Mais demain, ce serait trop tard. Il serait à l’université.

« Il n’existe pas de tour d’observation, de belvédère ? reprit-il. Quelque chose qui soit à l’air libre ?

— Si, bien sûr ! Je peux vous vendre un billet, si vous voulez. Attendez que je vérifie s’il ne pleut pas. » L’employé manœuvra un levier placé près de son coude et attendit que des lettres fluorescentes se dessinent sur un écran de verre dépoli. Gaal déchiffra en même temps que lui le bulletin.

« Beau temps, dit l’employé. Mais, d’ailleurs, je crois bien que c’est la saison sèche. Je vous dirai, ajouta-t-il, que je ne sors pour ainsi dire jamais. Cela fait trois ans que je n’ai pas mis le nez dehors. Vous savez, quand on a vu ça une fois… tenez, voilà votre billet. Il y a un ascenseur spécial au fond du hall. Vous verrez la pancarte : ’’Pour la Tour.’ ’ Vous n’aurez qu’à le prendre. »
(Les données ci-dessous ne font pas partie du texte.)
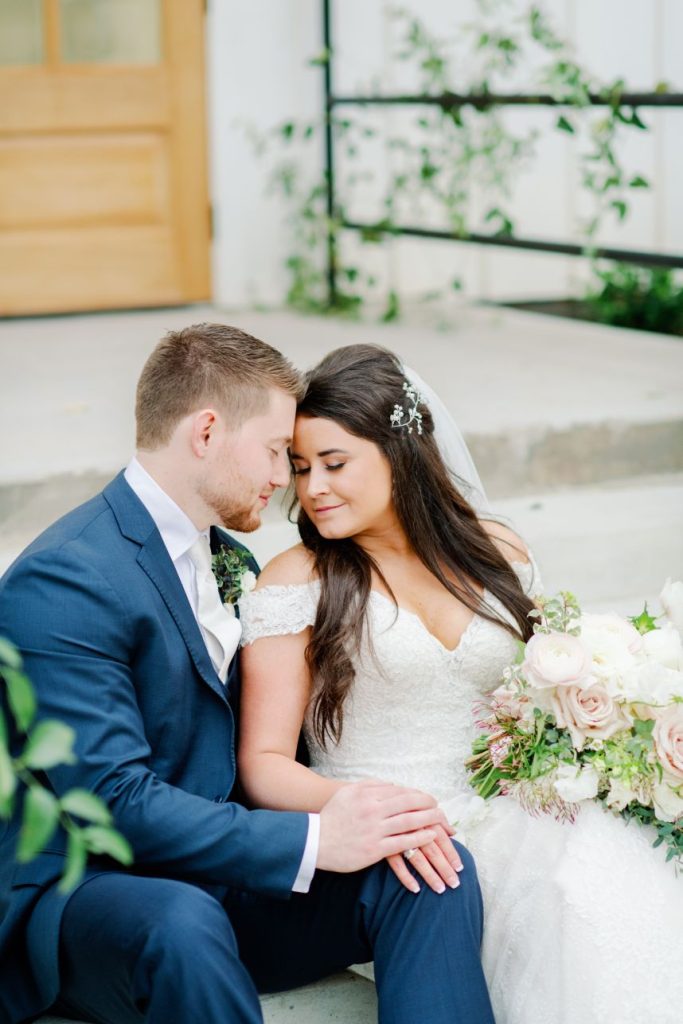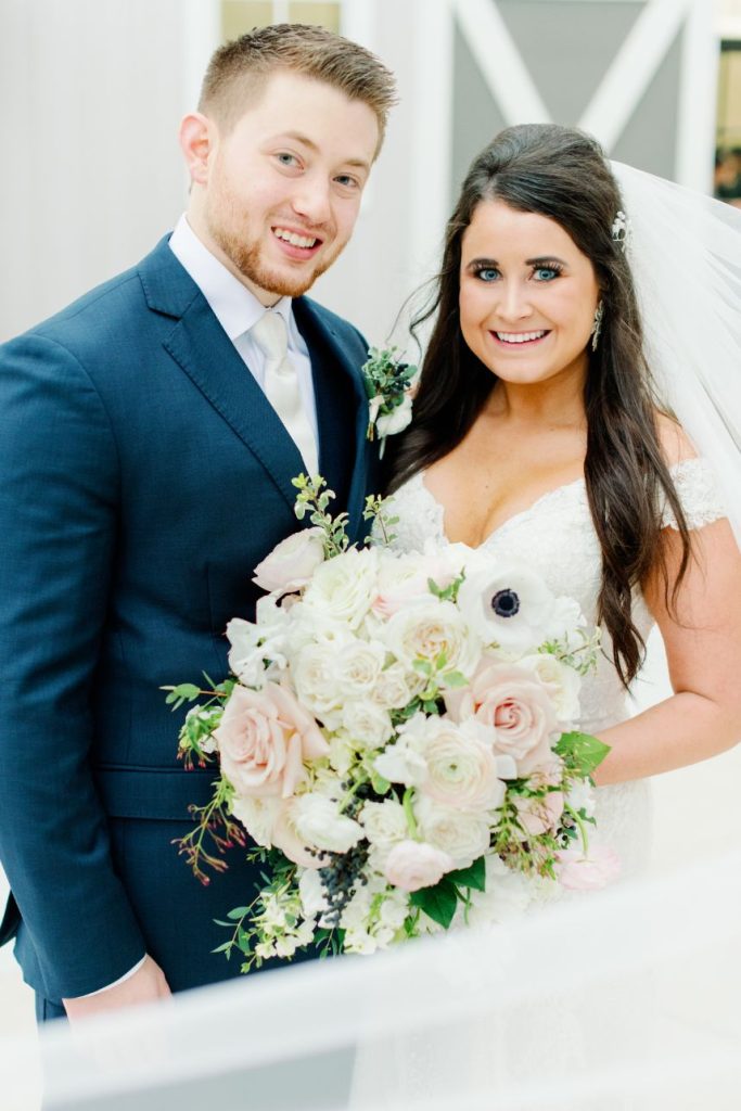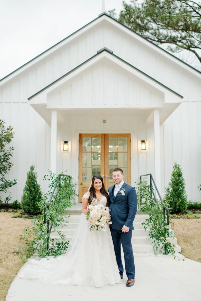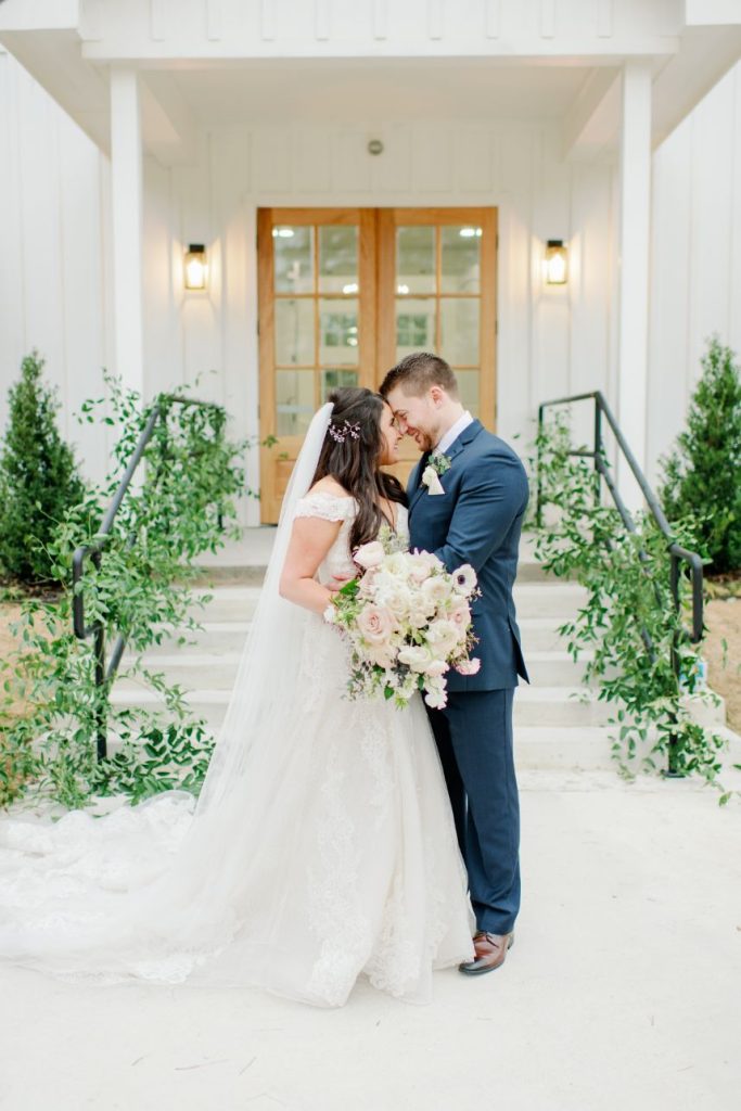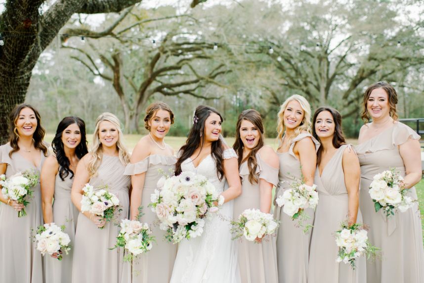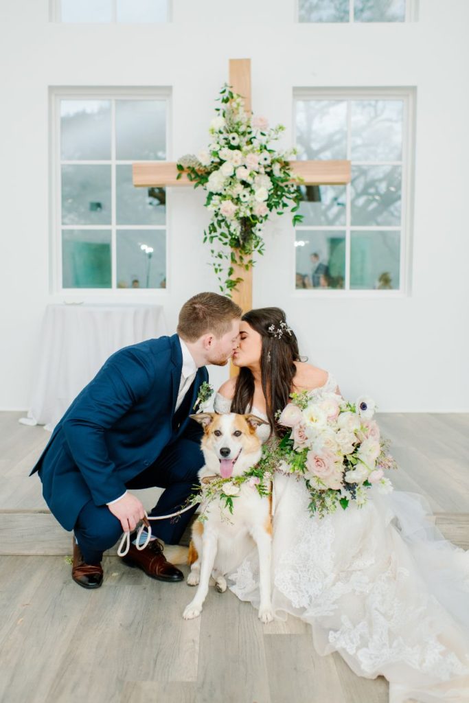Kayla and Conner’s dream wedding came in the form of this modern farmhouse affair. In a stately palette of champagne, blush, and classic navy, their long-time romance came to fruition in the most flawless way possible. Kati Hewitt Photography was there for it all in their journey, starting with their sweet engagement photos that included Kayla and Connor’s pup Dixie. Their fur baby went on to be in Kayla’s bridal session as well as being the dog of honor in this wedding. How precious! Before the big day, bridesmaids were treated to a luncheon at The Woodlands Country Club where they celebrated their bride-to-be. The morning started with Kayla and her girls getting glammed up by the hair and makeup pros at Butter Artistry while clad in matching pajamas in the bridal suite. After getting into her stunning off-the-shoulder gown and accessories from Brickhouse Bridal, Kayla brought her bridesmaids out to the patio where she caught their adorable reactions just before sharing a teary-eyed first look with her dad. Then, she walked down the aisle to the start of her forever with Connor! Their ceremony was filled with tons of memories that everyone will cherish forever. From Connor’s reaction when the chapel doors opened to the pair walking out as husband and wife, each moment melts our hearts over and over again! Mr. and Mrs. Boster popped a bottle of champagne to celebrate and made their grand entrance into the reception. It’s safe to say the party got started at the end of the first dance when Connor picked up Kayla and spun her around to the tune of Royal Dukes Band and their jumping live music! A full evening of festivities and fun made it a night they will never forget. Read on for a note from the bride about one of the biggest things she learned while planning this modern farmhouse wedding. Cheers to the Bosters!

C’était un de ces ascenseurs modernes mus par antigravité. Gaal pénétra dans la cabine et d’autres passagers s’engouffrèrent avec lui. Le liftier manœuvra un bouton. Gaal eut un instant l’impression d’être suspendu dans l’espace quand la gravité tomba à zéro, puis il reprit un peu de poids à mesure que l’appareil accélérait. Le mouvement bientôt se ralentit et Gaal sentit ses pieds quitter le sol. Il ne put réprimer un petit cri.